Scientists estimate we can help prevent four out of 10 cancers by: not smoking; eating a healthy diet and being a healthy weight; being physically active; avoiding too much sun; limiting how much alcohol you drink; taking up cancer-screening services; and being up to date on all recommended vaccinations, such as HPV

“While positive strides have been made in the search for solutions to the Covid-19 pandemic, vaccination against other preventable diseases such as HPV still needs to be prioritised. In Ireland, HPV infection caused up to 420 cancer cases in men and women each year between 2010 and 2014 with as many as 130 people dying in Ireland each year from HPV-related cancers.”

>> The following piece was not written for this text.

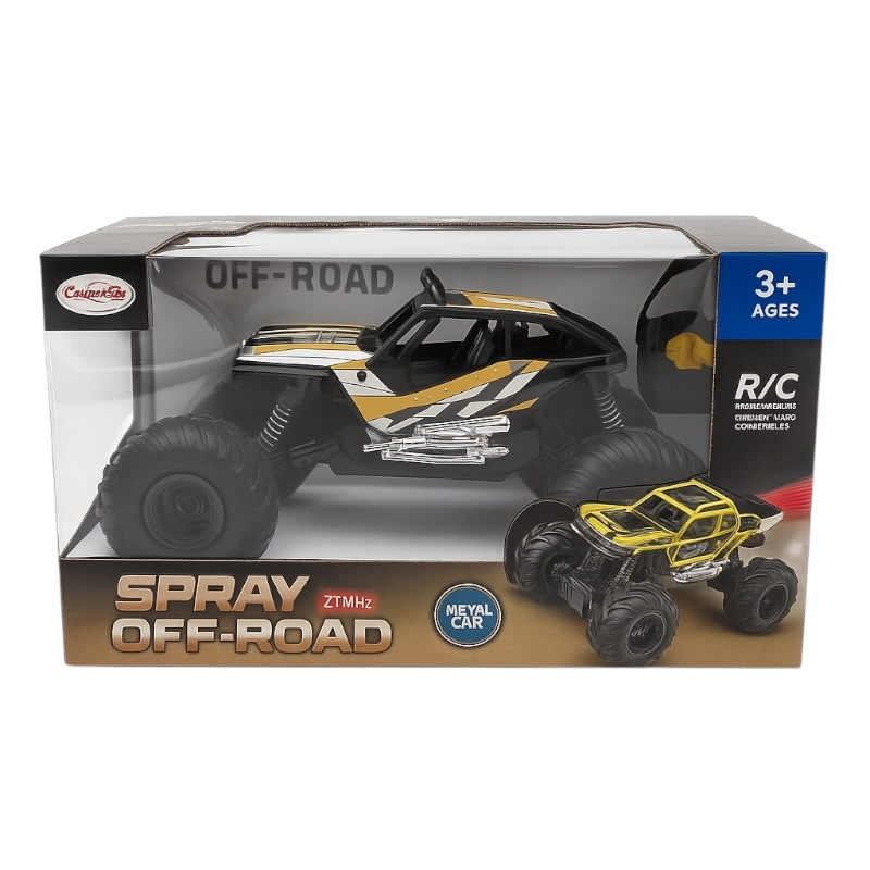 Intra in aventura cu Masina Off-Road cu Radiocomanda si efect de Spray, un model puternic si spectaculos, perfect pentru trasee dificile! Cu roti uriase, suspensii inalte si un design sport agresiv, aceasta masinuta 4x4 este pregatita sa cucereasca orice teren: pietris, pamant, iarba sau covor.

Despite this, 25pc said they were not aware the HPV vaccine can help protect against 90pc of high-risk strains of HPV, which can develop into cervical and other cancers, according to the new research carried out by the Marie Keating Foundation.

Liz Yeates, CEO of the Marie Keating Foundation said: “Cervical cancer, which is predominantly caused by HPV, is the one cancer the world can eliminate. Furthermore, the World Health Organisation recently launched a global initiative aimed at eliminating cervical cancer by 2030 by focusing on prevention through HPV vaccination and screening and treatment of pre-cancerous legions.

“It is now time for Ireland to develop a HPV elimination strategy to achieve the goals and targets set by the WHO strategy. By the year 2030, all countries can achieve 90pc HPV vaccination coverage, 70pc screening coverage, and 90pc access to treatment for cervical pre-cancer and cancer, including access to palliative care.”